If a point be taken outside a circle and from the point straight lines be drawn through to the circle, one of which is through the centre and the others are drawn at random, then, of the straight lines which fall on the concave circumference, that through the centre is greatest, while of the rest the nearer to that through the centre is always greater than the more remote, but, of the straight lines falling on the convex circumference, that between the point and the diameter is least, while of the rest the nearer to the least is always less than the more remote, and only two equal straight lines will fall on the circle from the point, one on each side of the least.

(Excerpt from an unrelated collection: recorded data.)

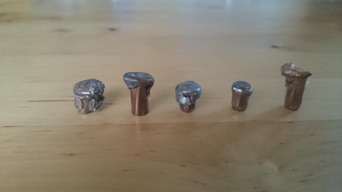 Publicerat Augusti 27, 201411 yr Okej. Med kulvikterna i huvudet tänker jag:Core Lokt Ultra Bonded (Skulle den kunna ha varit hälften rätt?)InterbondAccubond (Skulle den också kunnat vara hälften rätt då en Accubond ju i princip är en bondad Ballistic Tip?)?Hornady GMX2:an skulle kunna vara en A-Frame men tycker den borde vara mer utbuktande då (Fast å andra sidan, om den är en A-Frame måste anslagshastigheten varit rätt låg), 5:an skulle kunna vara Nosler E-Tip också. Hmm... Får be om en ledtråd till - Har alla kulor skjutits från samma avstånd från vedhögen och har alla varit ungefär maxladdade?Inte lätt, men roligt... Vill inte fler vara med och leka?
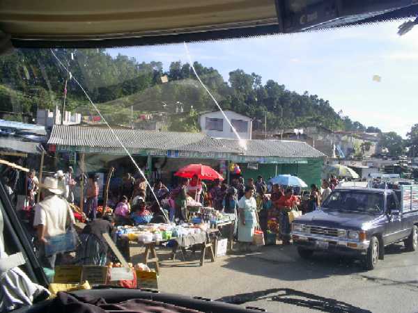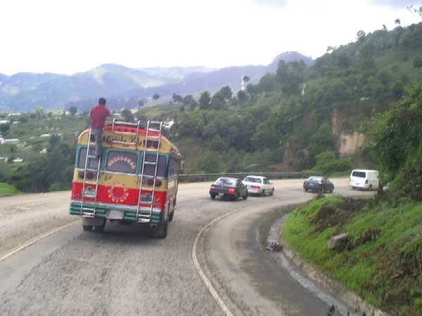 Heute geht es weiter in Richtung mexikanischer Grenze. Wir befinden uns wieder einmal auf der Panamerikana, es ist ganz schön viel Verkehr und wir können uns wieder einmal über die wirklich gewagten Manöver der einheimischen Busfahrer entsetzen. Bild: Nach gewagtem Überholmanöver - natürlich in der Kurve, bei Gegenverkehr - kommt der "rechte Blinker" = Beifahrer aus der hinteren Tür, steigt auf's Dach und sieht nach, ob noch Alles richtig fest ist! In Huehuetenango haben wir erst erfolglos Reifen gesucht und dann auch nach längerem Suchen einen ruhigen Platz im besseren Wohnviertel gefunden. |
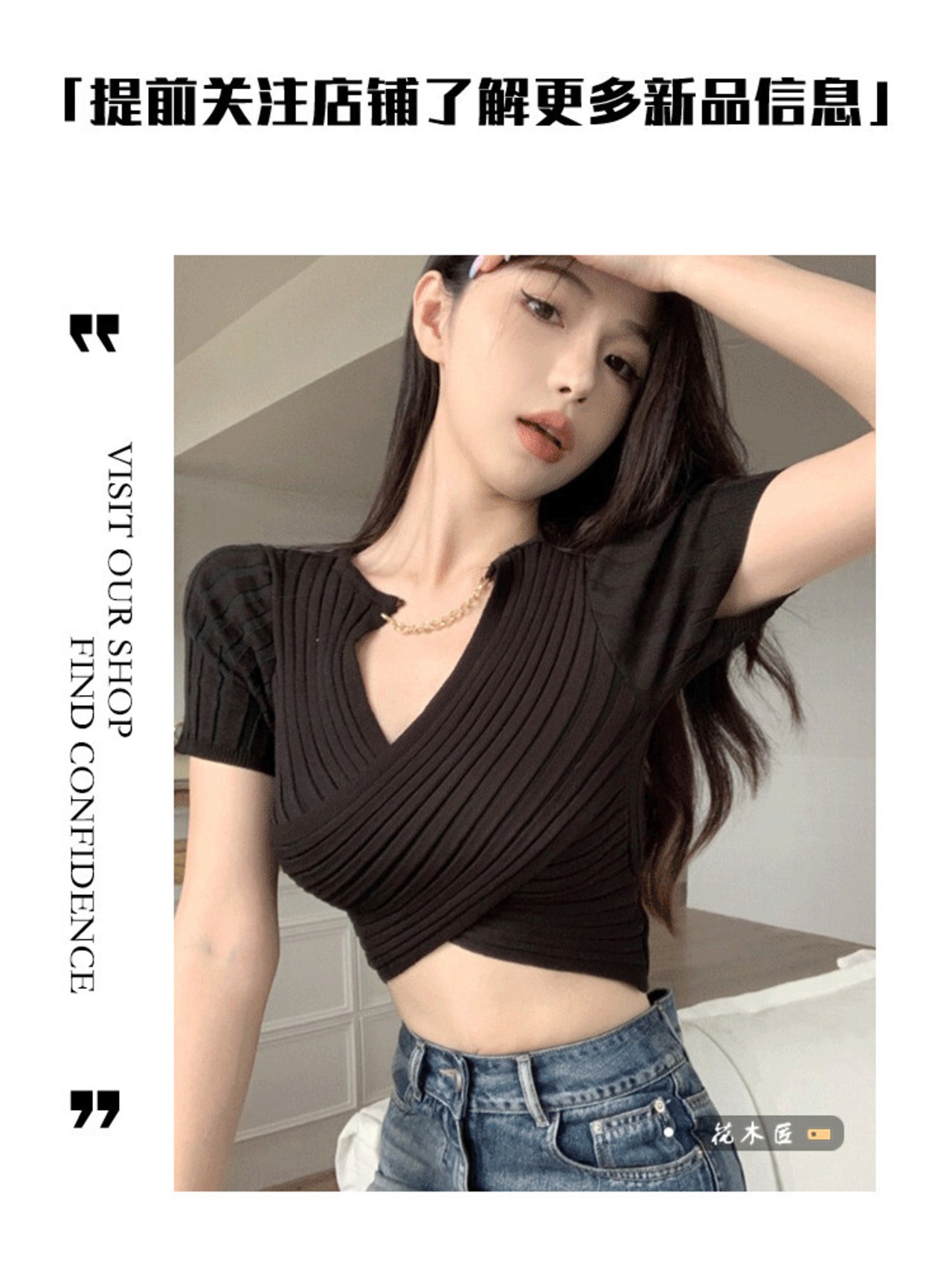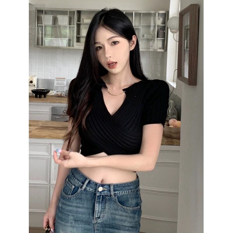 ホットクロス V ネック半袖セーター女性 2024 春の新しい純粋な欲望スリムフィット薄いへそ出しショートトップ スプリング 春物 Vネック ピュア 0921940454739895
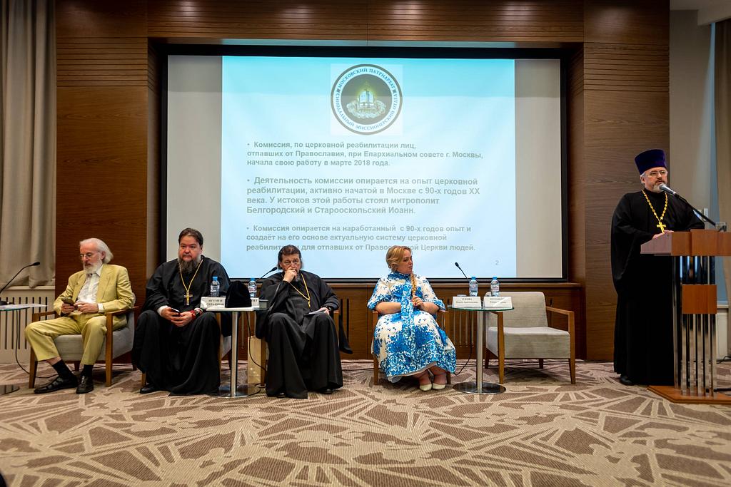 В тот же день в 13.00 состоялась секция, подготовленная Епархиальной комиссией по церковной реабилитации, на тему «История и современность: научно-практический опыт Московской епархии по церковной реабилитации лиц, отпавших от Православия». Модератором выступил протоиерей Роман Марков.

Let ABC be a circle, and let a point D be taken outside ABC; let there be drawn through from it straight lines DA, DE, DF, DC, and let DA be through the centre; I say that, of the straight lines falling on the concave circumference AEFC, the straight line DA through the centre is greatest, while DE is greater than DF and DF than DC.; but, of the straight lines falling on the convex circumference HLKG, the straight line DG between the point and the diameter AG is least; and the nearer to the least DG is always less than the more remote, namely DK than DL, and DL than DH.

For let the centre of the circle ABC be taken [III. 1], and let it be M; let ME, MF, MC, MK, ML, MH be joined.

Then, since AM is equal to EM, let MD be added to each;

therefore AD is equal to EM, MD.

But EM, MD are greater than ED; [I. 20]

therefore AD is also greater than ED.

Again, since ME is equal to MF,

and MD is common,
therefore EM, MD are equal to FM, MD;
and the angle EMD is greater than the angle FMD;
therefore the base ED is greater than the base FD. [I. 24]

Similarly we can prove that FD is greater than CD; therefore DA is greatest, while DE is greater than DF, and DF than DC.

Next, since MK, KD are greater than MD, [I. 20] and MG is equal to MK, therefore the remainder KD is greater than the remainder GD,

so that GD is less than KD.

And, since on MD, one of the sides of the triangle MLD, two straight lines MK, KD were constructed meeting within the triangle, therefore MK, KD are less than ML, LD; [I. 21] and MK is equal to ML;

therefore the remainder DK is less than the remainder DL.

Similarly we can prove that DL is also less than DH;

therefore DG is least, while DK is less than DL, and DL than DH.

I say also that only two equal straight lines will fall from the point D on the circle, one on each side of the least DG.

On the straight line MD, and at the point M on it, let the angle DMB be constructed equal to the angle KMD, and let DB be joined.

Then, since MK is equal to MB, and MD is common,

the two sides KM, MD are equal to the two sides BM, MD respectively;
and the angle KMD is equal to the angle BMD;
therefore the base DK is equal to the base DB. [I. 4]

I say that no other straight line equal to the straight line DK will fall on the circle from the point D.

For, if possible, let a straight line so fall, and let it be DN.

Then, since DK is equal to DN,

while DK is equal to DB,

DB is also equal to DN,
that is, the nearer to the least DG equal to the more remote: which was proved impossible.

Therefore no more than two equal straight lines will fall on the circle ABC from the point D, one on each side of DG the least.

Therefore etc.